-- PROVIDED MATERIAL --
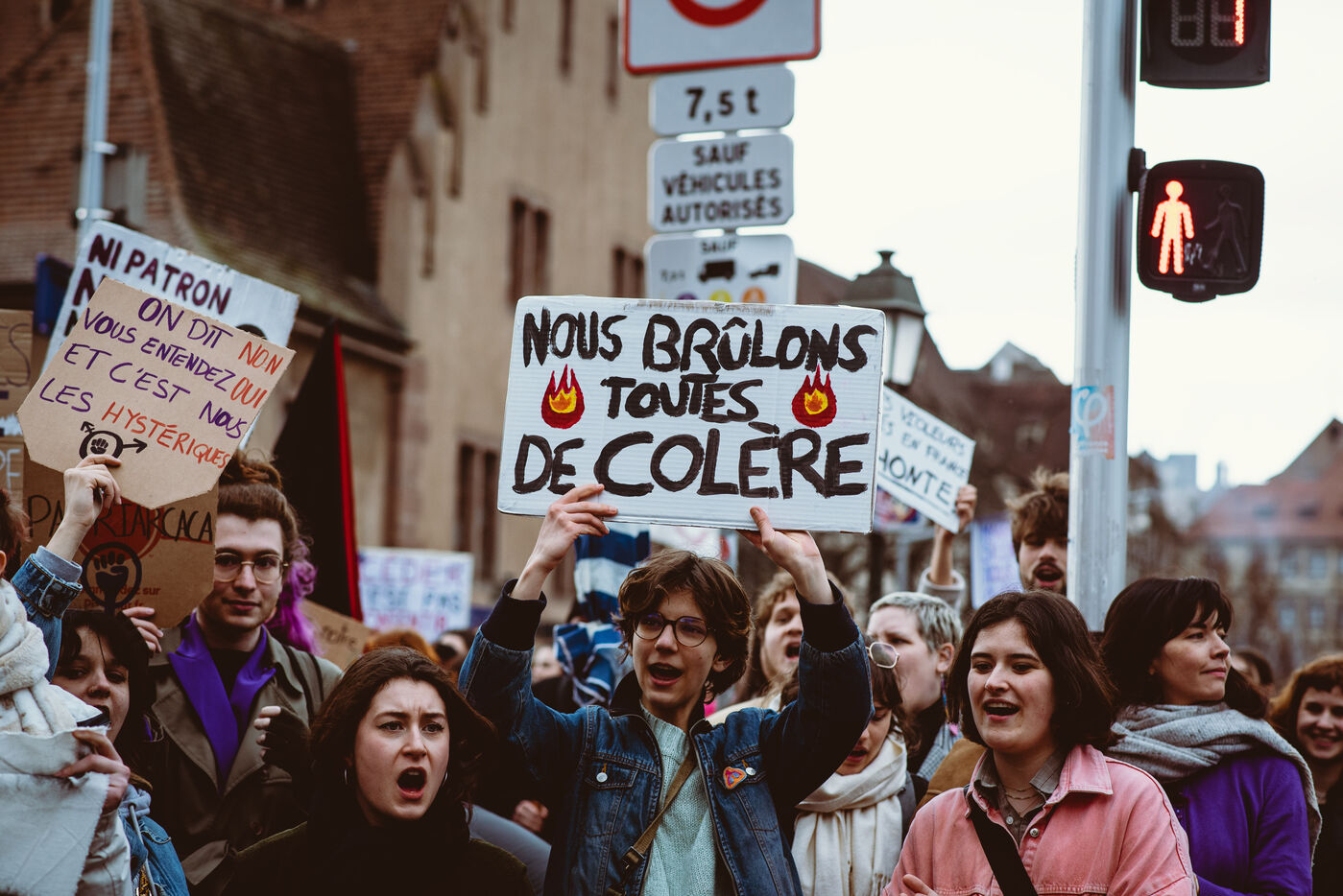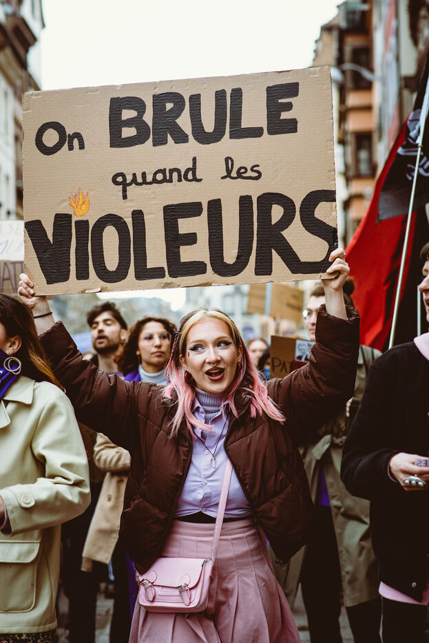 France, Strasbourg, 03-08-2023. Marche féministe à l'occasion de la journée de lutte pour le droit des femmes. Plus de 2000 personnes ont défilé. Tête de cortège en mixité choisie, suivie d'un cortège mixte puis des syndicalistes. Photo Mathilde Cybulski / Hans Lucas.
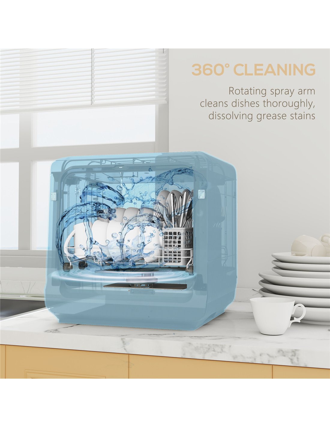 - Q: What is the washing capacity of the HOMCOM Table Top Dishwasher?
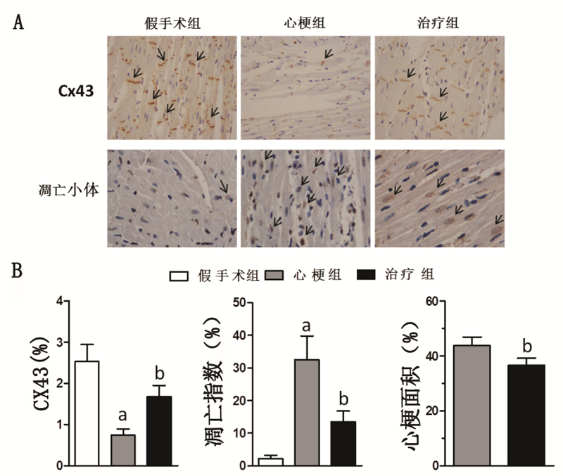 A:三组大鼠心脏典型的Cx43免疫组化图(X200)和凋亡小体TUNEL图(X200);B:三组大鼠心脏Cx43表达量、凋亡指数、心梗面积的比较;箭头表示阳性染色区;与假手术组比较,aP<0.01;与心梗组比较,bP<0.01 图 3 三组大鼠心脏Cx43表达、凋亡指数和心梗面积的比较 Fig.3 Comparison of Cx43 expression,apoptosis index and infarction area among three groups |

-- WHAT IS EXPECTED --
At the line containing "- Q: What is", start reproducing exactly, and stop after the last line of the listing; include both ends, and leave the pictures out.

-- REPLY --
 - Q: What is the washing capacity of the HOMCOM Table Top Dishwasher?
 A:三组大鼠心脏典型的Cx43免疫组化图(X200)和凋亡小体TUNEL图(X200);B:三组大鼠心脏Cx43表达量、凋亡指数、心梗面积的比较;箭头表示阳性染色区;与假手术组比较,aP<0.01;与心梗组比较,bP<0.01 图 3 三组大鼠心脏Cx43表达、凋亡指数和心梗面积的比较 Fig.3 Comparison of Cx43 expression,apoptosis index and infarction area among three groups |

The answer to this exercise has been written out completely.